You can contest a will only if you are the deceased’s spouse, child, cohabitee or financial dependent. There must be valid legal grounds to contest a will. This can include:
- Lack of testamentary capacity, meaning the deceased was not of sound mind when they signed the will.
- Lack of due execution, meaning the deceased did not follow proper procedure when they signed the will.
- Undue influence, meaning there’s evidence the deceased was manipulated into making a will to benefit someone influencing them.
- Fraud, meaning the will has been forged or includes false terms.
How Long Do You Have to Contest a Will?
The sooner you act in contesting a will, the better. There are time limits for making claims, with limits varying according to the nature of the claim. Time limits on the following common claims are as follows:
- 6 months from the issue of the grant of probate to claim for reasonable financial provision.

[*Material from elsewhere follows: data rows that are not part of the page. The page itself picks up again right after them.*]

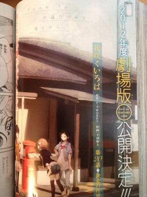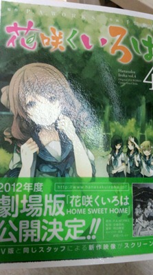 以「新的影像作品」為名義製作中的《花開物語(花咲くいろは) HOME SWEET HOME》,分別透過在 5 月 22 發售的同作漫畫版第 4 卷的書腰,以及連載該作的漫畫月刊雜誌《GANGAN JOKER》,發表了將以劇場版電影公開的消息。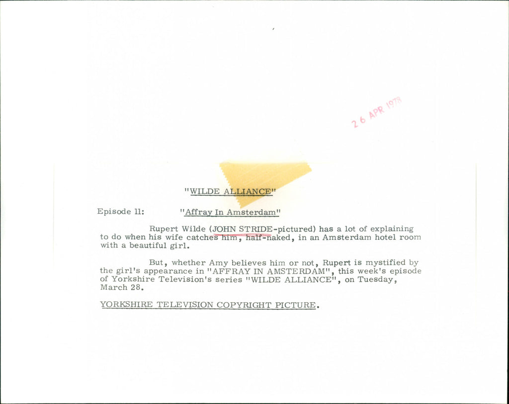 Rupert Wilde (John Stride) has a lot of explaining to do when his wife catches him, half-naked, in an Amsterdam hotel room with a beautiful girl. But whether Amy believes him or not Rupert is mystified by the girl's appearance in "Affray in Amsterdam", this episode of Yorkshire Television's series "Wilde Alliance". Rupert Wilde (John Stride) has a lot of explaining to do when his wife catches him, half-naked, in an Amsterdam hotel room with a beautiful girl. But whether Amy believes him or not Rupert is mystified by the girl's appearance in "Affray in Amsterdam", this episode of Yorkshire Television's series "Wilde Alliance".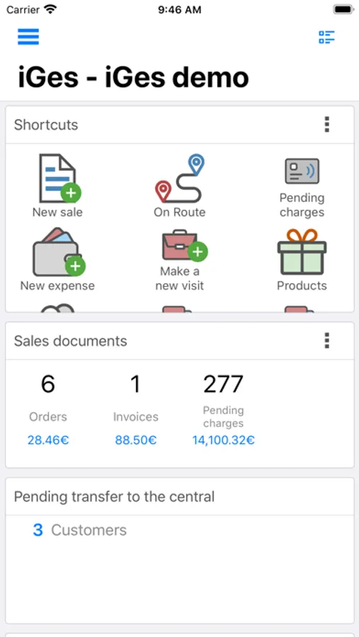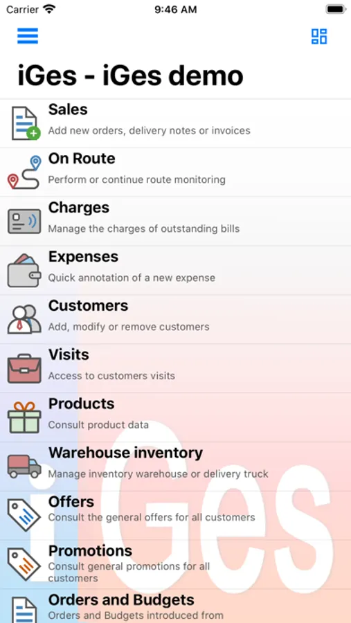 iGes is an SFA application of Presales and Invoicing designed for mobile devices with iOS (phones, tablets, ...), designed for taking orders, Delivery notes, Invoices, visits, managing routes, receipts, expenses, etc ....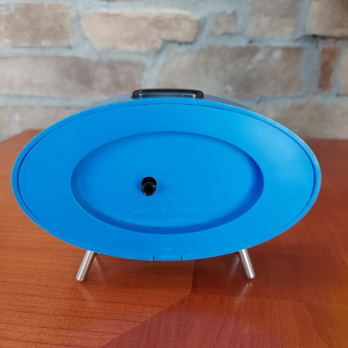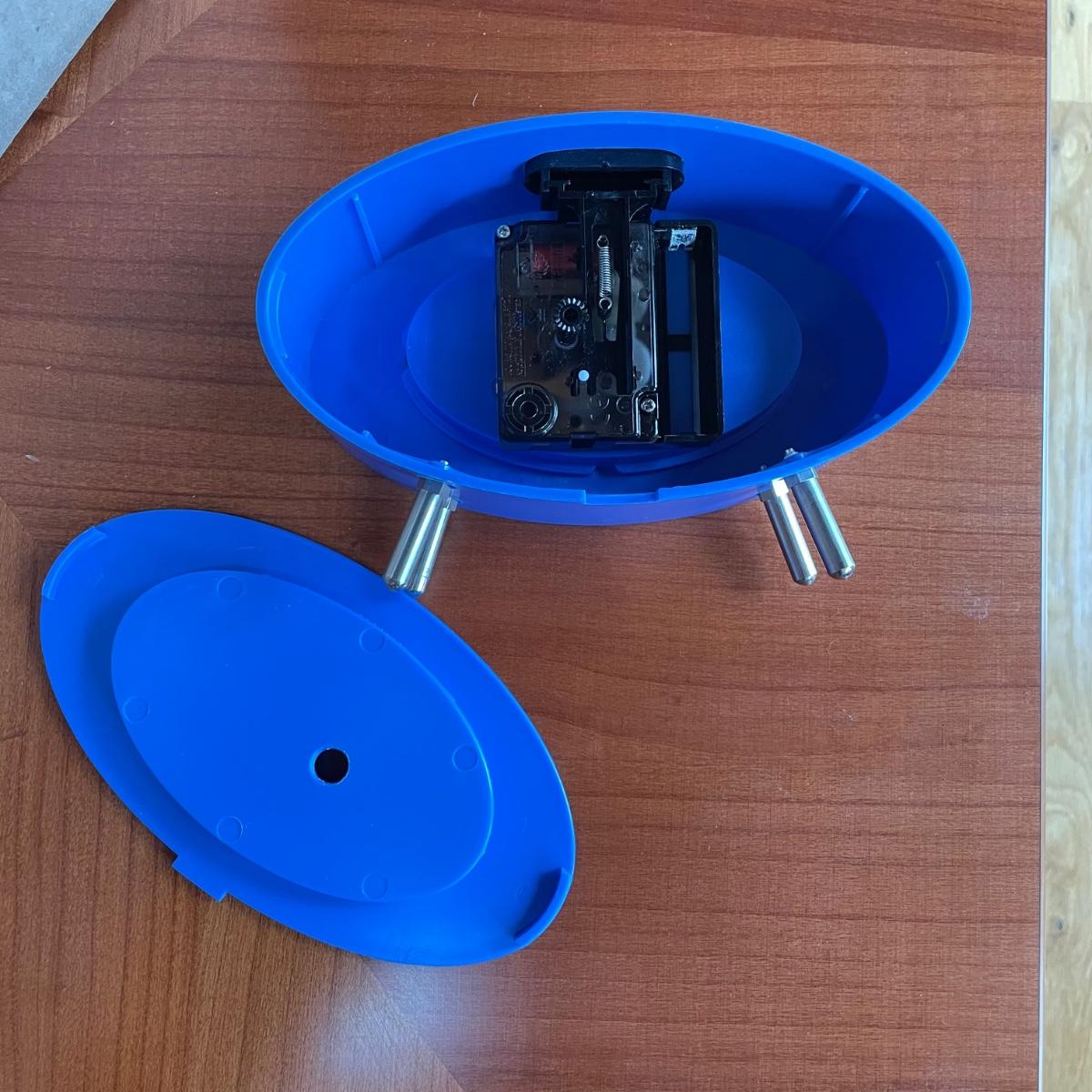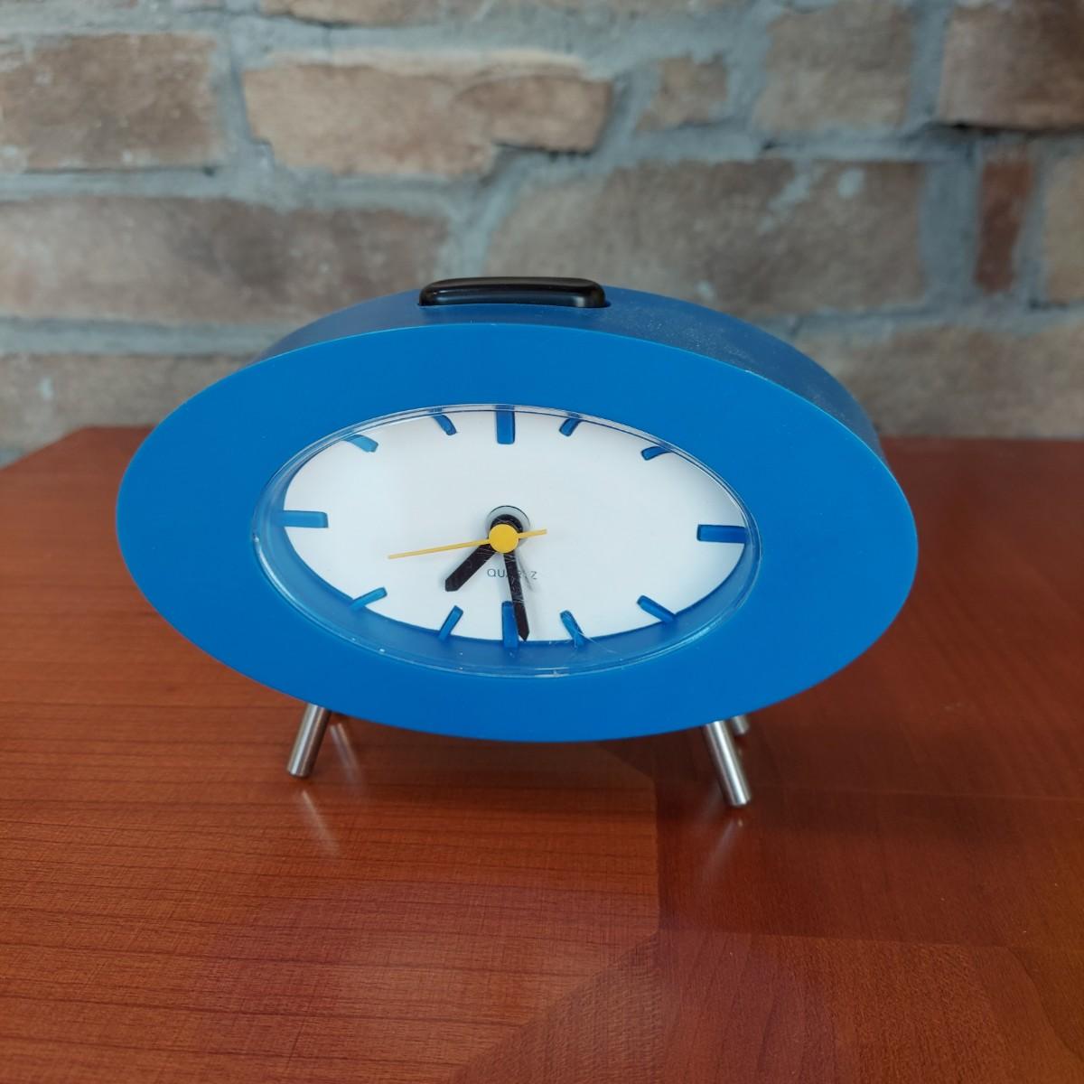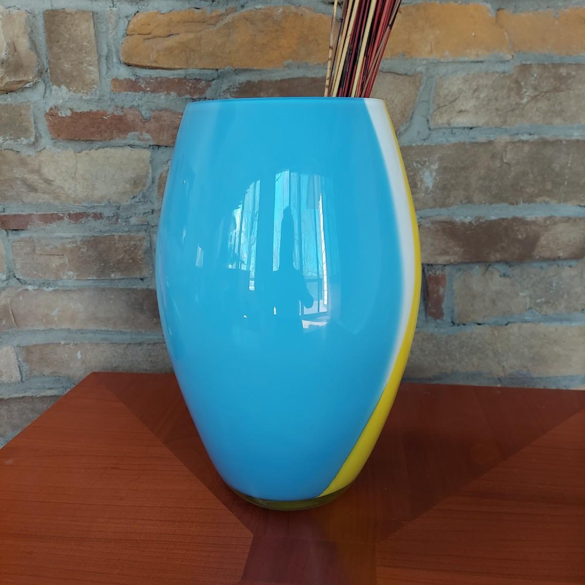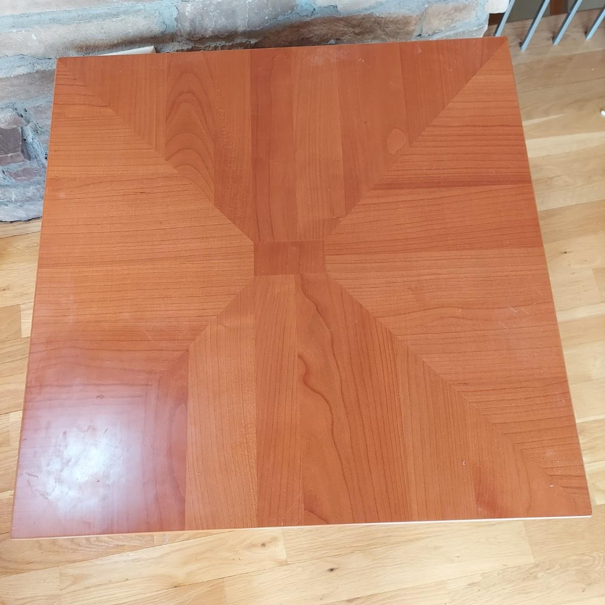 Side table is wood with a vaneer style finish. There is a square top and x style base with metal accents. It is stamped made in Italy on bottom. It is 27.5" square and 21.5"H. There is also a blue plastic retro style Quartz clock and a large blown glass vase. The vase is yellow and blue and measures approximately 9 x 7 x 14"H. Clock needs a AA batteries and was not tested. Local Pickup Only.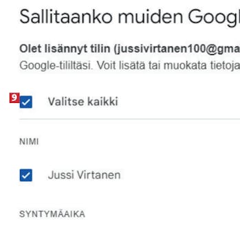 Merkitse sitten kohta Valitse kaikki 9. Näin Google ottaa huomioon kaikki Google-tiliin liitetyt tiedot, kuten puhelinnumeron.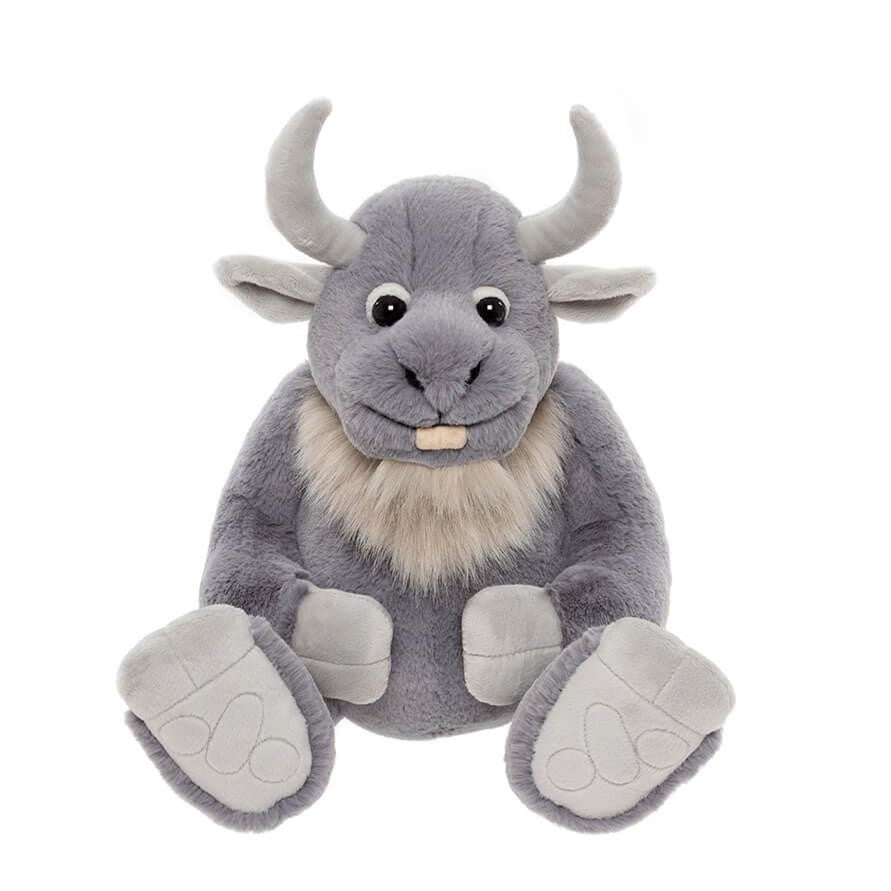 Crafted from luxuriously soft grey plush with lighter accents, Cobblestone has a soft beard, curved horns, and friendly expression which give him unmistakable character. Broad paws and detailed stitching add to his solid, comforting presence. He’s a true gentle giant, strong, steady, and full of heart. His non-jointed, machine-washable design makes him easy to care for and always ready for another day by your side.

- 12 years from the date of death for a beneficiary disputing a will.
- No time limit for fraud.
How Do You Contest a Will
Step 1: Seek Legal Advice
If you think you have grounds to contest a will, seek legal advice from a solicitor who deals with contested probate. They will advise you on the next steps and help you make a claim within the time limits.
Step 2: Lodge A Caveat
A caveat can often be entered to pause the probate process so that your claim can be considered. This gives space for the claim to be resolved without it having to go to court.
Step 3: Take Court Action
If the dispute cannot be resolved out of court, it’s time to submit a formal court claim. The court then decides whether the will should be upheld and if not, how the estate should be distributed in line with intestacy law. Disputes can be lengthy and expensive which is why it’s favourable to reach an agreement outside of court first.